5. A liquid elevating mechanism as claimed in claim 4 wherein said means for adding weight to said plunger includes means on the upwardly facing end surface of said counterbalancing piston for receiving at least one weight.

6. A liquid elevating mechanism as claimed in claim 5 wherein said weight has a predetermined weight value which when added to said plunger will enable it to move down in opposition to the counterbalancing biasing forces up to a predetermined value above the maximum value.

7. A liquid elevating mechanism for use with pumps of the type which produces cyclic pressure waves for transmission through a first column of liquid in a signal tube for operating said mechanism so that it elevates a liquid to be pumped in a second column of liquid, said liquid elevating mechanism comprising:

(a) a housing having a cylinder bore the upper end of which is for communication with the first and second liquid columns and having a liquid intake opening in the lower end thereof for communication with the liquid to be pumped;

(b) a plunger reciprocally mounted in the cylinder bore of said housing and including a counterbalancing piston its upper end, said plunger having an upper bore which opens onto the lower end surface of the counterbalancing piston and a lower bore which opens onto the upper end surface of the counterbalancing piston;

(c) means for placing the first liquid column in communication with the upper bore of said plunger and placing the second liquid column in communication with the lower bore of said plunger;

(d) check valve means in the liquid intake opening of said housing to allow the liquid to be pumped to flow into the lower end of the cylinder bore of said housing when said plunger moves upwardly therein;

(e) check valve means in the lower bore of said plunger to allow the liquid in the lower end of the cylinder bore of said housing to move into the lower bore of said plunger upon downward movement thereof;

(f) means for using the head pressure force of the first liquid column to counterbalancingly bias said plunger upwardly with a force which is less than the downwardly directed head pressure force of the second liquid column so that said plunger is normally in the down position of its reciprocal stroke and will move up when the force of a received pressure wave is added to the counterbalancing biasing force;

(g) an accumulator for connection to the signal tube of said pump;

(h) first tube means connected between said accumulator and said housing, said first tube means in conjunction with the signal tube of the pump providing the first liquid column through which the pressure waves are cyclically transmitted when said accumulator is connected to the signal tube of the pump;

(i) second tube means connected between said housing and said accumulator, said second tube means in conjunction with the signal tube of the pump providing the second liquid column in which the liquid to be pumped is elevated when said accumulator is connected to the signal tube of the pump;

(j) means in said accumulator for directing received cyclically transmitted pressure waves into said first tube means; and

(k) means associated with said accumulator for receiving the liquid to be pumped from said second tube means and storing that liquid for subsequent injection into the signal tube of the pump between occurrences of the cyclically transmitted pressure waves.
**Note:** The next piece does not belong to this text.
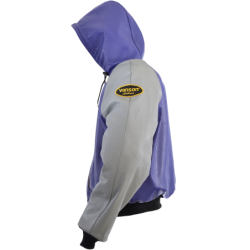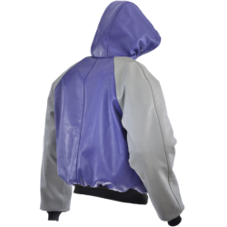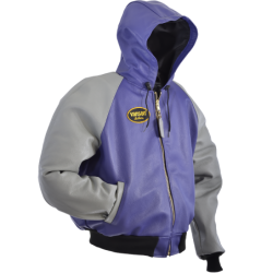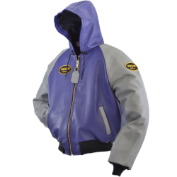 The Vanson Leathers Hooded Competition Team Jacket (TJPH PURP) is a standout, racing-inspired leather hoody built from rich purple and steel leather. Featuring bold competition patches and signature Vanson ovals, this jacket combines classic moto style with functional design. It includes a draw-string adjustable hood, knit waistband, cuffs, and collar for a comfortable fit, plus a zip-front closure with brass hardware. Practical details include two interior button-close lining pockets on black rayon, two front open hand pockets, and STREAMLINER snaps for attaching a streamliner vest. Assorted stitched racing patches (which may vary) add character, and an ID key fob embossed with the garment’s unit number offers useful reference.

8. A liquid elevating mechanism as claimed in claim 7 wherein said means for placing the first liquid column in communication with the upper bore of said plunger and placing the second liquid column in communication with the lower bore of said plunger comprises:

(a) said housing having a second bore extending upwardly from the cylinder bore of said housing for connection to the signal tube of the pump and opening downwardly into the upper end of the cylinder bore of said housing;

(b) a shaft extending upwardly from said plunger and having the upper bore of said plunger formed therein, said shaft movable with said plunger and disposed for axial sliding movement within the second bore of said housing; and

(c) passage means formed in the upper end of said housing with one end of said passage means being for connection to the second liquid column of the pump with the other end of said passage means being open to the upper end of the cylinder bore of said housing.

9. A liquid elevating mechanism as claimed in claim 7 wherein said means for using the head pressure force of the first column of liquid to counterbalancingly bias said plunger upwardly comprises the upwardly facing end surface of the counterbalancing piston of said plunger having a surface area which is larger than the surface area of the downwardly facing end surface thereof.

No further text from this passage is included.